DEGs in E. camaldulensis
We first identified DEGs in the dedifferentiated tissue of E. camaldulensis compared to the dedifferentiated tissue using edgeR and identified 4,690 up-regulated as well as 4,539 down-regulated genes (Figure 2A, Additional file 2). It showed that Eucgr.H02264 (probable indole-3-acetic acid-amido synthetase GH3.1), Eucgr.D02625 (phosphoribulokinase, chloroplastic), Eucgr.J03055 (hypothetical protein), Eucgr.H02600 (protein SRG1) and Eucgr.B03016 (LOB domain-containing protein 40) were the top 5 up-regulated genes while Eucgr.J00794 (DNA-damage-repair/toleration protein DRT100), Eucgr.I02271 (endochitinase), Eucgr.A01080 (glycine-rich RNA-binding protein), Eucgr.D00703 (beta-galactosidase 8) and Eucgr.A01881 (trans-resveratrol di-O-methyltransferase) were the top 5 down-regulated genes, according to the FDR values (Additional file 2).
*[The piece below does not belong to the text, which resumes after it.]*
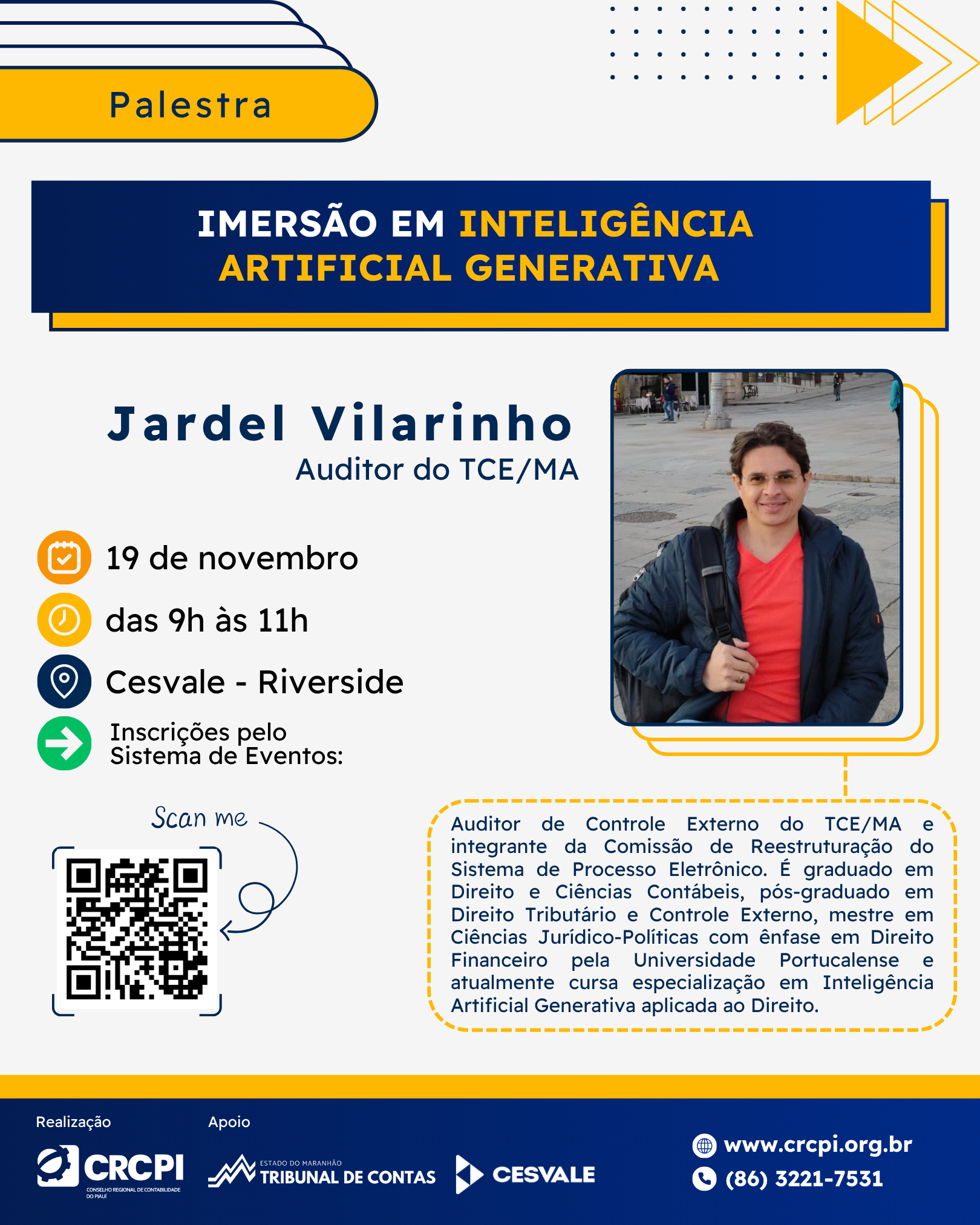 O curso “Imersão em Inteligência Artificial Generativa” será ministrado por Jardel Adriano Vilarinho da Silva, Auditor de Controle Externo do TCE/MA e especialista em Inteligência Artificial Generativa aplicada ao Direito.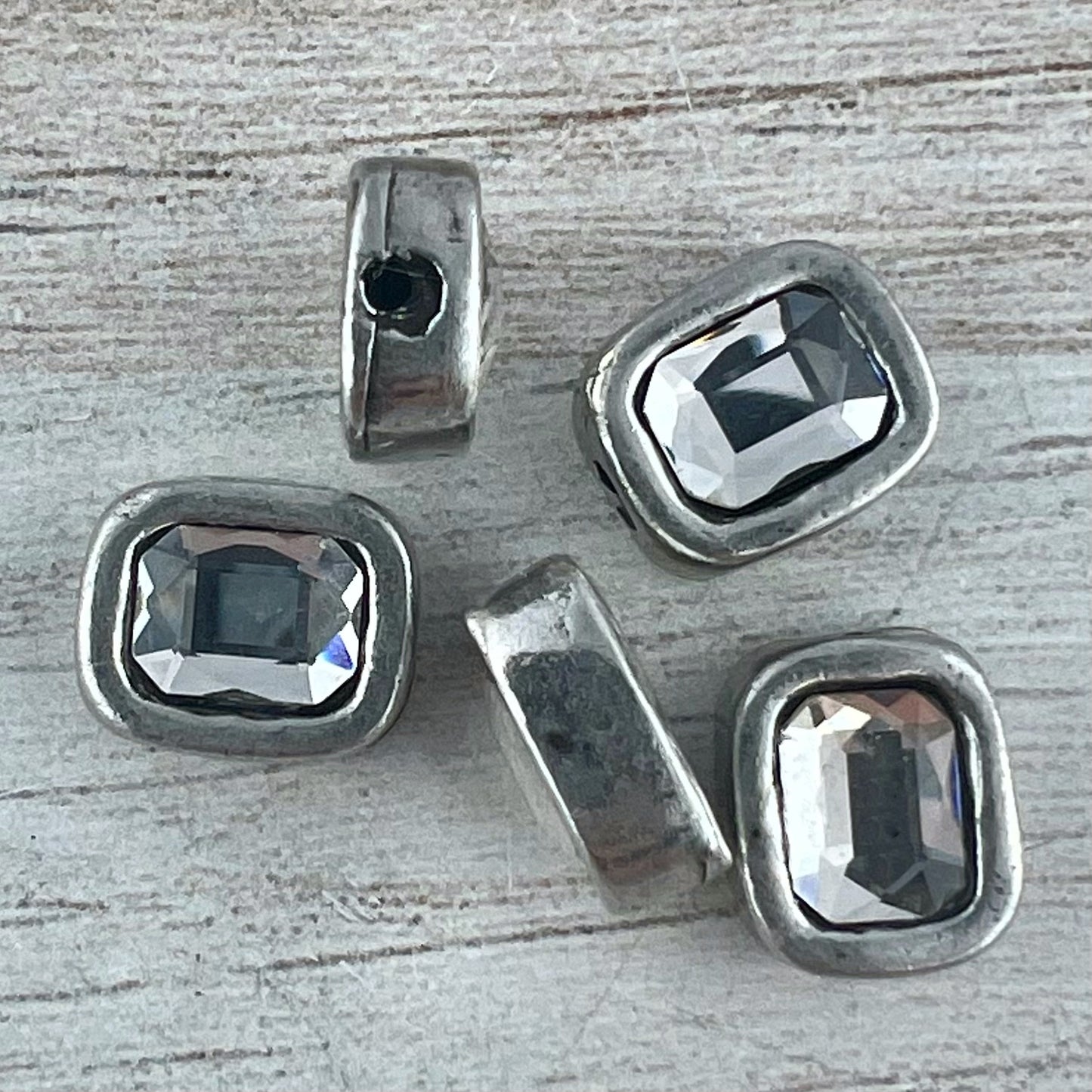Bead, Crystal Clear Emerald Cut Rhinestone Bead, Small Rectangle Antiqued Pewter, Jewelry Making Artisan Findings, PW-S042

We next analyzed the DEGs enriched KEGG pathways and found that “plant hormone signal transduction” (ko0475), “RNA transport” (ko03013) and “carbon metabolism” (ko01200) were the top 3 significant pathways (Additional file 3). We also analyzed the GO enrichment by the DEGs in DH201-2 (Figure 2B). Except the GO terms enriched by more than 10% of the total DEGs, we also found “reproduction” and “reproduction process” of interest.
Then, we analyzed some gene groups might be involved in the dedifferentiation process of E. camaldulensis. We identified 27 up-regulated and 22 down-regulated genes related to ethylene (Table 2), including 7 AP2-like ethylene-responsive TFs, 41 ethylene-responsive TFs and 1 ethylene response sensor (Additional file 2). Among the DEGs there were 25 up-regulated and 16 down-regulated genes encoding auxin related products (Table 2), including 7 auxin response factors, 3 auxin-binding proteins, 2 auxin-induced in root clusters proteins and 16 auxin-responsive proteins (Additional file 2). Furthermore, we found 111 (15 up-regulated and 86 down-regulated), 79 (25 up-regulated and 44 down-regulated), 36 (23 up-regulated and 13 down-regulated), 39 (27 up-regulated and 12 down-regulated) and 272 (155 up-regulated and 117 down-regulated) DEGs, whose products related to RP, ZFP, HSP, histone and TF, respectively (Table 2). Notably, 8 up-regulated and 3 down-regulated embryogenesis related genes were identified in the dedifferentiated tissue of E. camaldulensis compared to the differentiated tissue, such as late embryogenesis abundant protein, somatic embryogenesis receptor kinas 1 and embryogenesis-associated protein EMB8 (Additional file 2).
DEGs in E. grandis x urophylla
We next analyzed the 4,200 up-regulated and 4,708 down-regulated genes in the dedifferentiated tissue of E. grandis x urophylla compared to the differentiated tissue (Figure 2C). According to the FDR, top 5 DEGs include Eucgr.B03016 (LOB domain-containing protein 40), Eucgr.H02264 (probable indole-3-acetic acid-amido synthetase GH3.1), Eucgr.I02271 (endochitinase), Eucgr.L02894 and Eucgr.L02534 (Additional file 2). KEGG pathway enrichment analysis showed “Glycolysis / Gluconeogenesis” (ko00010), “Carbon metabolism” (ko01200) and “Biosynthesis of secondary metabolites” (ko01110) were the top three pathways involved by the DEGs. Also, we found “Plant hormone signal transduction” (ko04075) significantly enriched by 260 DEGs (q-value: 8.36E-14). Like E. camaldulensis, GO analysis of these DEGs (Figure 2D) revealed that the numbers of DEGs had a similar trend but varied across all the GO terms, such as biological adhesion, virion and nucleoid.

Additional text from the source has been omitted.